Comparing Computational Pathology Foundation Models using Representational Similarity Analysis
Vaibhav Mishra, William Lotter
TL;DR
This work addresses how computational pathology foundation models organize information beyond downstream task accuracy by applying Representational Similarity Analysis (RSA) to six models spanning vision-language and vision-only self-distillation paradigms. Using TCGA H&E patches, the study constructs and compares Representational Dissimilarity Matrices to reveal cross-model similarities, slide- and disease-dependence, and intrinsic dimensionality, finding that UNI2 and Virchow2 are most distinct while Prov-GigaPath shows broad cross-model alignment; slide-specific signals dominate over disease signals, and stain normalization reduces slide-dependence. Vision-language models tend to occupy more compact representational spaces than vision-only models, suggesting different encoding bottlenecks tied to training objectives. The findings inform model ensembling and robustness considerations, highlighting that representational structure is shaped by training strategy and data characteristics, and demonstrate a generalizable RSA framework for medical imaging foundations.
Abstract
Foundation models are increasingly developed in computational pathology (CPath) given their promise in facilitating many downstream tasks. While recent studies have evaluated task performance across models, less is known about the structure and variability of their learned representations.

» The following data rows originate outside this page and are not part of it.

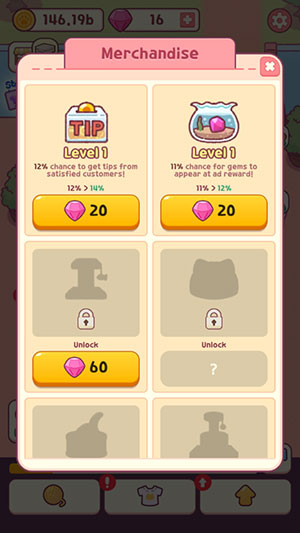 Đừng quên mua mèo giúp tăng tốc và thu hút khách hàng bổ sung. vì điều đó cũng mang đến nhiều lợi nhuận hơn. Ngoài ra, mua hỗ trợ tăng tốc để giảm thời gian nấu cũng giúp tăng năng suất. Mọi người cũng có thể tìm thấy một số vật phẩm trong menu Leveling up sẽ làm tăng số xu kiếm được trên mỗi khẩu phần ăn bán được.
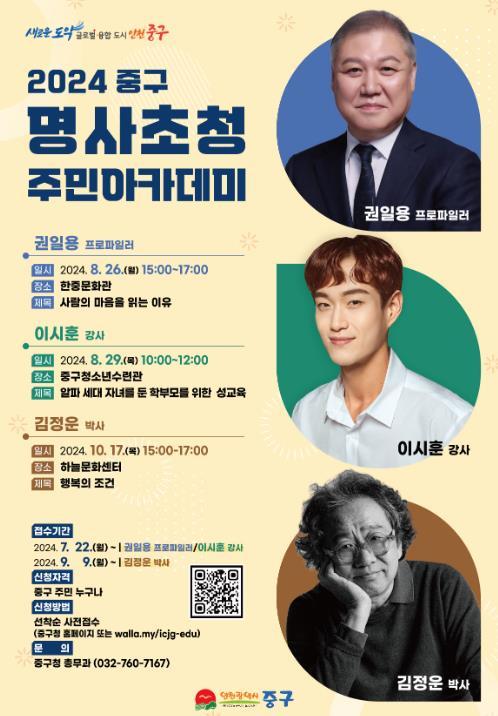 [singers news 씽어즈뉴스, 와보소기자] 인천시 중구는 오는 8월과 10월에 프로파일러 권일용 교수, 성교육 전문가 이시훈 강사, 문화심리학자 김정운 박사와 함께하는 명품 인문학 특강 ‘2024년 중구 명사초청 주민아카데미’를 개최한다고 10일 밝혔다.
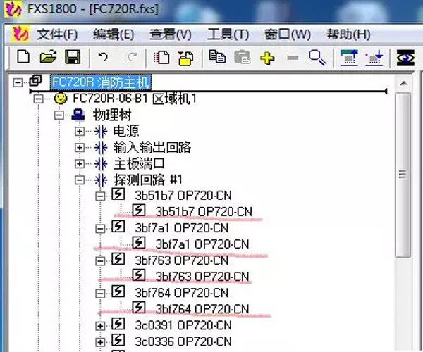 在調試軟件上看,每一個感煙探測器OP720下面都有一個通道,如圖
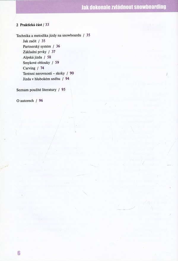 Základy jízdy na snowboardu - jak vybrat vybavení, základní technické prvky, smykové oblouky a carving, jízda v hlubokém sněhu, skoky.
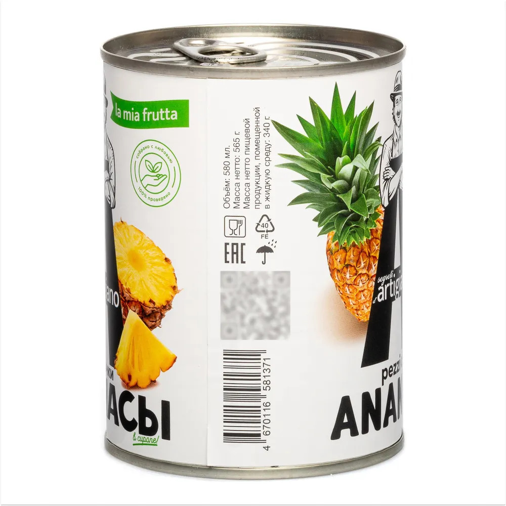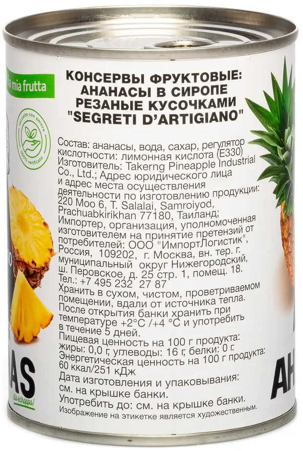 Segreti d’Artigiano Ананасы резаные кусочками в сиропе-25% +14
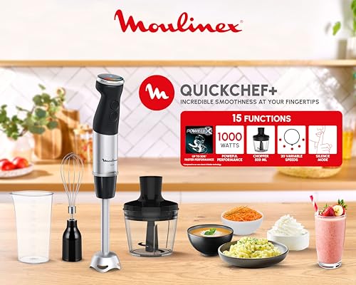 Moulinex - Moulinex Quickchef+, Hand Blender, 3IN1,1000W, Chopper 500ML, Beaker 800ML, 20 Speeds, Stainless Steel Foot - DD673810
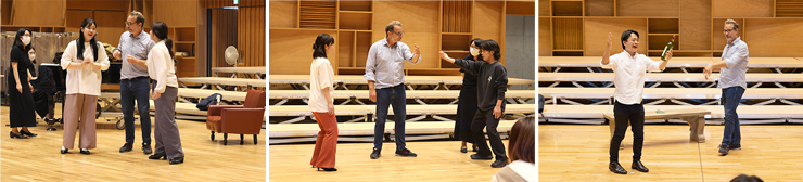歌曲の誕生した時代背景を踏まえ、演じる役の社会的立場と人間関係を解説しながら、言葉に合わせた立ち振る舞いやその表現手法など、実演を交えて徹底的に指導していただきました。 学生達は、後半には感情豊かで堂々とした表情に変化していました。また、一流の演出家からのレッスンを受講できたことを大いに喜びました。
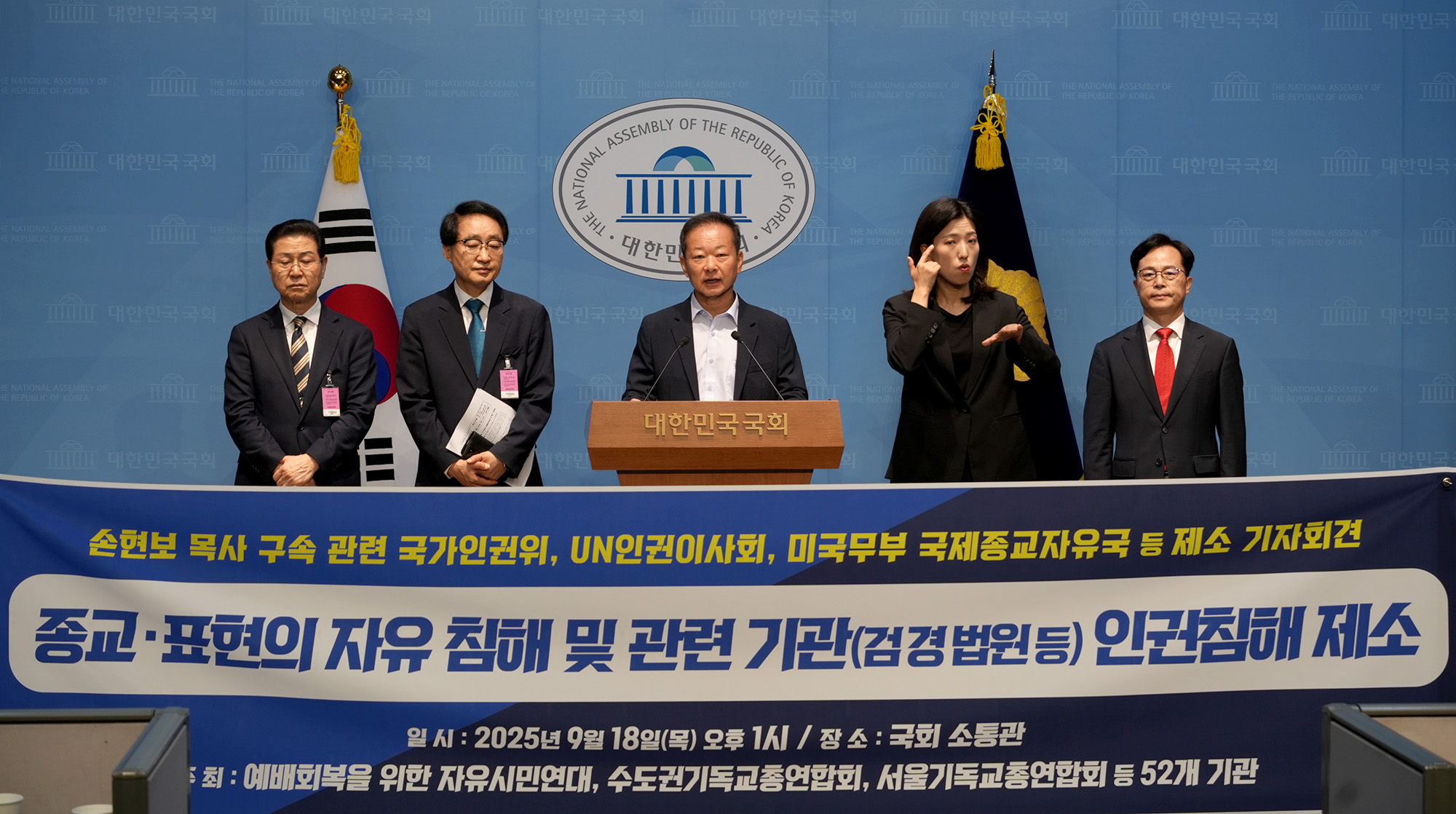 이들은 18일 오후 국회 소통관에서 기자회견을 갖고 손 목사의 인식 구속은 “‘종교 및 표현의 자유, 신체의 자유’를 명백히 침해한 것”이라며 이 같이 밝혔다.

Here, we systematically analyze the representational spaces of six CPath foundation models using techniques popularized in computational neuroscience. The models analyzed span vision-language contrastive learning (CONCH, PLIP, KEEP) and self-distillation (UNI (v2), Virchow (v2), Prov-GigaPath) approaches. Through representational similarity analysis using H&E image patches from TCGA, we find that UNI2 and Virchow2 have the most distinct representational structures, whereas Prov-Gigapath has the highest average similarity across models. Having the same training paradigm (vision-only vs. vision-language) did not guarantee higher representational similarity. The representations of all models showed a high slide-dependence, but relatively low disease-dependence. Stain normalization decreased slide-dependence for all models by a range of 5.5% (CONCH) to 20.5% (PLIP). In terms of intrinsic dimensionality, vision-language models demonstrated relatively compact representations, compared to the more distributed representations of vision-only models. These findings highlight opportunities to improve robustness to slide-specific features, inform model ensembling strategies, and provide insights into how training paradigms shape model representations. Our framework is extendable across medical imaging domains, where probing the internal representations of foundation models can support their effective development and deployment.